Cosa significa essere a norma oggi con i migliori standard sulla salute e la sicurezza nei luoghi di lavoro?

Le attività di promozione della salute renderanno più efficaci la prevenzione dei rischi lavorativi in azienda.

Per realizzare un sistema di gestione per la salute e la sicurezza aziendale secondo la normativa UNI EN ISO 45001, il datore di lavoro deve prima di tutto attuare le migliori misure di prevenzione e protezione scegliendole sulla base dell’esperienza, della particolarità del lavoro e dell’avanzamento tecnologico. Tuttavia, in un sistema di gestione, l’efficacia delle misure di prevenzione deve essere verificata sulla base del ciclo di Deming “Plan-Check-Do-Act”. Per implementare le misure di prevenzione e migliorare i livelli di salute e di sicurezza dei lavoratori, l’azienda può fornire ai lavoratori programmi (gratuiti e volontari) di promozione della salute, nel rispetto dei principi della responsabilità sociale, come previsto dal D.Lgs 81/08, che siano finalizzati a migliorare i livelli di salute e di benessere dei lavoratori.
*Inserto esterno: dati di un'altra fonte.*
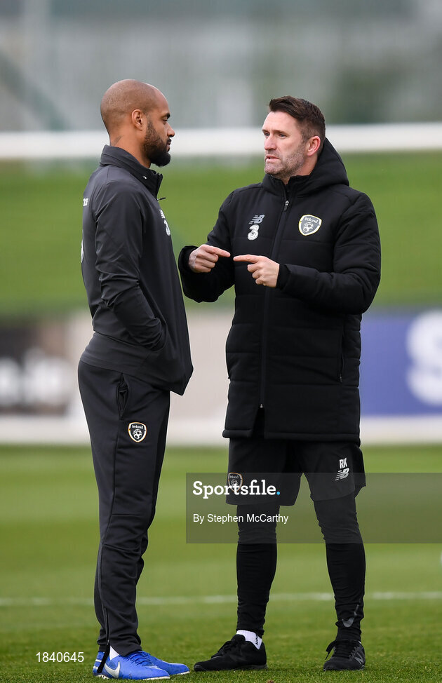 13 November 2019; Republic of Ireland assistant coach Robbie Keane, right, and David McGoldrick during a Republic of Ireland training session at the FAI National Training Centre in Abbotstown, Dublin. Photo by Stephen McCarthy/Sportsfile
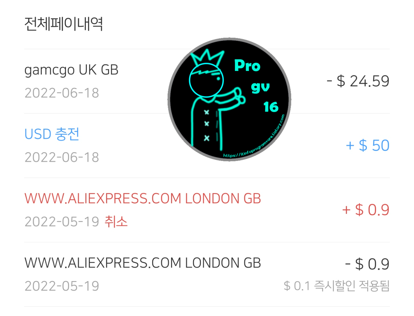 아래에는 알리익스프레스 카드등록 시 카드확인을 위해서 원래는 $1.00usd 이 출금되어야 하지만 자동으로 할인된 금액인 $0.9usd가 출금된 내역입니다. 출금 홈페이지 명이 제휴사이트로 등록된 경우에는 자동으로 즉시할인이 되는 것 같습니다.

La norma ISO 45003:2021, Gestione della Salute e della Sicurezza sul Lavoro — Salute Psicologica e Sicurezza sul Luogo di Lavoro — Orientamenti per la Gestione dei Rischi Psicosociali, rilasciata l’8 giugno 2021, richiede una valutazione del rischio psicosociale che non sia limitata solo alla valutazione dello stress lavoro correlato, ma che comprenda TUTTI i fattori di rischio psicosociale in ambito lavorativo, come per esempio il rischio di aggressioni e di violenza lavorativa, l’analisi dei fattori di disagio che possono portare al burnout e gli eventi lavorativi che possono determinare un disturbo post-traumatico da stress.

La realizzazione di programmi di promozione della salute che impattino sul rischio psicosociale ed ergonomico, renderà più semplice realizzare misure di prevenzione e protezione efficaci per TUTTI i rischi di natura psicosociale.